RNA degradation in antiviral immunity and autoimmunity

Abstract

Post-transcriptional control determines the fate of cellular RNA molecules. Nonsense-mediated decay (NMD) provides quality control of mRNA, targeting faulty cellular transcripts for degradation by multiple nucleases including the RNA exosome. Recent findings have revealed a role for NMD in targeting viral RNA molecules, thereby restricting virus infection. Interestingly, NMD is also linked to immune responses at another level: mutations affecting the NMD or RNA exosome machineries cause chronic activation of defence programmes, resulting in autoimmune phenotypes. Here we place these observations in the context of other links between innate antiviral immunity and type I interferon mediated disease and examine two models: one in which expression or function of pathogen sensors is perturbed and one wherein host-derived RNA molecules with a propensity to activate such sensors accumulate.

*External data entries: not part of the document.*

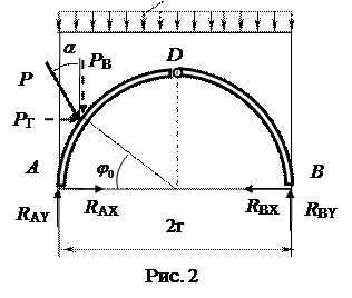 Таблица 2 – Значения N 2, Q 2, M 2 на 2-м участке арки (0 ≤ φ 2 ≤ 135о)
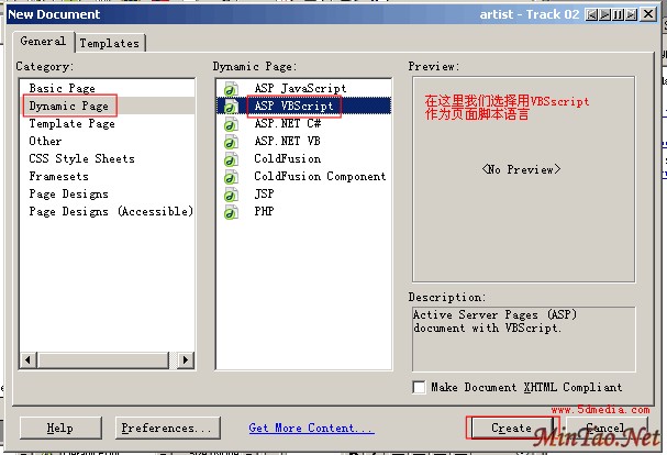 <1> 点击后你会发现,出现的页面和以前DW或UD很大的不现,如图(3-2)所示。DW MX在创建不同的动态网页方面显得非常方便,可以随意的选择自己想要的类型,而不用像以前一样还要选保存类型。在这里我们选择创建动态页面(Dynamic Page),选择VBScript作为页面的脚本语言。OK,保存为insert.asp。
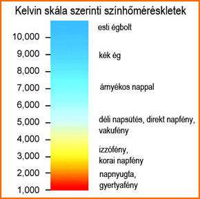 | Színhőmérséklet A fényforrások által sugárzott fény erőssége mellett annak színe is meghatározó. A mesterséges fényforrások színhőmérséklete 3300K és 5300K között tekinthető semlegesnek, a 3300K-tól kisebb színhőmérséklet melegfényűnek, míg az 5300K felettiek hidegfényűnek számítanak. Példa: a normál izzólámpa izzószála 2800K, az északi égbolt fénye 6000K-tól magasabb. |
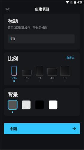 2、点击创造,新建一个视频的项目内容,你可以编辑标题、视频比例以及背景;
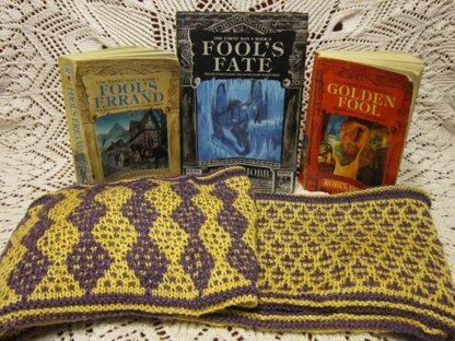 In Robin Hobb’s 16-book series-within-a-series, the Fool remains a central character throughout, though he goes by several guises depending on what the situation needs him to be. At first, he is simply The Fool, wearing his Fool’s motley to entertain King Shrewd and his guests. Later, he becomes Lord Golden, a wealthy, immaculately dressed nobleman of the court. This reversible cowl gives you the opportunity to wear the Fool’s motley for a bit of fun or Lord Golden’s brocade for a more elegant look.
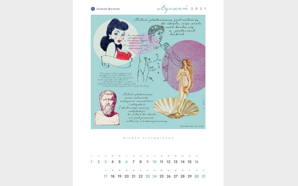 W edycji kalendarza 2021 pierwsze skrzypce gra Andrzej Pągowski, bo on jest autorem wszystkich grafik. Przewodni temat dotyczy już nie tylko kobiet, bo miłość dosięgnąć może każdego. Dlatego grafiki, przypominające karty szkicownika, czy dziennika, inspirują i uzupełniają wypowiedzi dwojga znanych psychoterapeutów: Katarzyny Miller i Wojciecha Eichelbergera, przez co na miłość możemy spojrzeć z perspektywy kobiecej i męskiej.
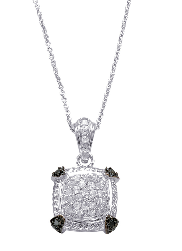 Sterling Silver Black Diamonds and White Topaz Square Necklace
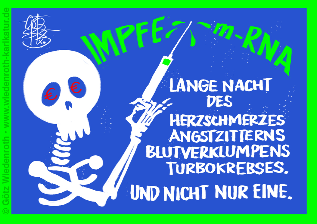 Karikatur vom 14. Oktober 2025: Die Agonie der Rechtsstaatlichkeit erkennt man daran, daß mit einer "Langen Nacht des Impfens" Kasse gemacht wird, statt Coronaaktivisten abzuurteilen |
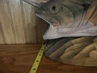This hand-carved wooden figure features two fish, a bass or a trout, standing on a pedestal. The intricate details of the carving make this piece a unique addition to any collection. The artist behind this piece is unsigned, adding to its mystery and allure. Crafted from high-quality wood, this figure stands at 17 inches long and is perfect for those who appreciate the beauty of fish and the art of woodcarving. Whether you're a collector or simply looking for a striking home decor piece, this figure is sure to impress.Preowned
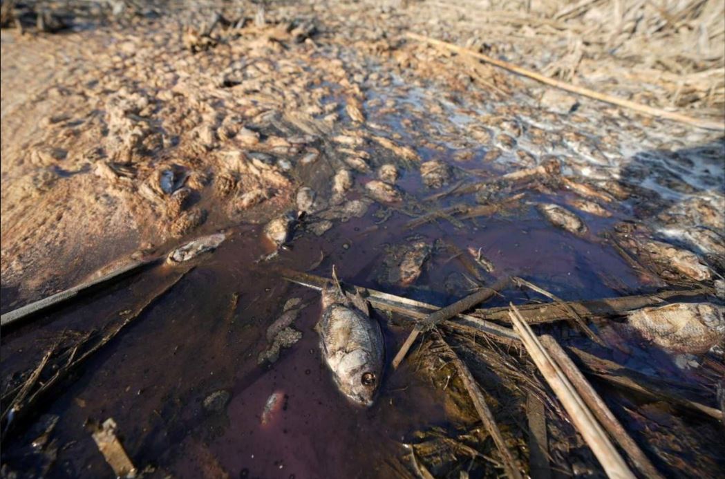 الكوفية ظهرت صور من العراق نفوق أعداد كبيرة من الأسماك في نهر دجلة، جراء انخفاض منسوب مياه النهر، بسبب التغير المناخي.
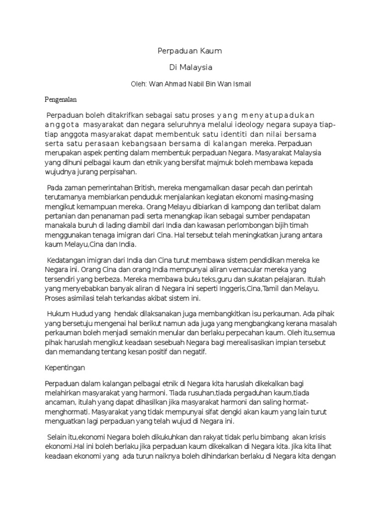 Perpaduan kaum sukar diwujudkan apabila inggeris mula campur tangan dalam pentadbiran di tanah melayu pada tahun 1824. Malaysia sebelum berdiri teguh sebagai negara membangun telah melalui pengalaman pahit. Dengan mengamalkan perpaduan kaum, kita juga dapat memajukan ekonomi negara. Namun persoalannya, apakah kepentingan mengamalkan perpaduan kaum dalam kalangan masyarakat? Tanpa perpaduan kaum, kita tidak dapat membawa negara kita ke tahap kemajuan yang optimum. Salah satu kepentingan perpaduan kaum adalah bagi menjamin keamanan negara. Sihat dan bertentangan dengan ajaran islam. Perpaduan kaum juga memainkan peranan dalam mengukuhkan lagi ekonomi negara dengan penglibatan semua kaum dalam kegiatan ekonomi. Pelajar (56.7%) mengatakan novel bukit kepong sahaja yang mencerminkan. Kita tiada dol said untuk menentang kemaraan penjajah pada tahun 1826 di naning, atau rentap menentang kubu raja brooke di nanga skrang pada tahun 1983, dato' maharajalela membunuh. Tanpa perpaduan semua kaum keamanan di sabah tidak akan dapat diwujudkan sehingga sekarang dan bila semangat perpaduan tidak diamalkan ianya boleh menghancurkan keamanan sesebuah negara. Penjajahan british mengamalkan dasar pecah dan perintah yang menghalang perpaduan dalam kalangan masyarakat pelbagai kaum yang berbeza adat resam, keturunan, agama. Oleh itu tidak perlulah kita melihat perayaan yang disambut oleh kaum lain sesuatu yang pelik, kerana menyambut.

Keywords: Aicardi-Goutières syndrome; MDA5; RNA exosome; nonsense-mediated decay; pattern-recognition receptor; type I interferon.

Figure 1

Nonsense-mediated decay (NMD). NMD recognises premature translation termination codons (PTCs) and this requires translation. The mechanism of PTC definition differs between species and individual transcripts. Two major pathways are shown here. (A) One important mechanism of PTC recognition relies on a protein complex called the exon-junction complex (EJC) . EJCs are deposited on mRNAs during splicing and mark exon-exon junctions. EJCs are transported together with the mRNA into the cytoplasm and are removed from the mRNA during translation [82–84]. Importantly, most mRNAs contain the stop codon in their last exon; therefore, no EJCs are left on the mRNA when translation termination occurs. However, if mRNAs have a PTC upstream of the last exon, one or multiple EJCs remain on the mRNA at the moment when translation terminates. This constellation is recognised by a number of proteins including the essential NMD effectors UPF1, UPF2, and UPF3/3X. UPF1 (red) interacts with proteins involved in translation termination, while UPF2 (orange) and UPF3/3X (yellow) associate with the EJC. If an EJC is present downstream from a terminating ribosome, the UPF proteins interact to form a complex, SMG proteins (olive) are recruited, and degradation of the mRNA is initiated (middle panel) [5–8]. (B) EJCs are not always required for NMD [5–8]. Efficient translation termination requires interactions between proteins bound to the mRNA poly(A) tail and release factors, which associate with ribosomes at stop codons. If termination occurs at a PTC, the distance to the 3′-end and poly(A) tail may be too large to accommodate this interaction (red cross) [25,85–87]. This in turn is presumed to result in delayed release of the ribosome from the mRNA, allowing for assembly of UPF proteins and recruitment of SMGs independently of an EJC.

Figure 2

Nucleic acid detection by pattern recognition receptors. Virus infection delivers nucleic acids into infected cells. (Left) DNA is detected in the cytoplasm by cyclic GMP-AMP synthase (cGAS), which then uses ATP and GTP to generate cyclic GMP-AMP (cGAMP). This second messenger subsequently binds to the ER-associated protein STING which in turn activates TBK1. This kinase then phosphorylates the transcription factor IRF3, which forms a dimer and translocates to the cell nucleus to induce type I IFN gene transcription. Aside from cGAS, additional proteins including IFI16, DDX41, MRE11, and DNA-PK may participate in cytosolic DNA recognition but are not shown here for simplicity. (Centre) Viral nucleic acids are also detected in endosomal compartments by TLR9 (DNA), TLR3 (dsRNA), and TLR7/8 (ssRNA). These PRRs signal through the adaptor proteins MyD88 or TRIF to activate the kinases IKKα, TBK1, and IKKɛ resulting in phosphorylation, dimerisation and translocation of IRF3 or IRF7. (Right) RNA in the cytoplasm of infected cells is recognised by RIG-I and MDA5, which interact with the mitochondrial protein MAVS to trigger TBK1/IKKɛ. Please note that a variety of other proteins are involved in signal transduction that are not shown here for clarity.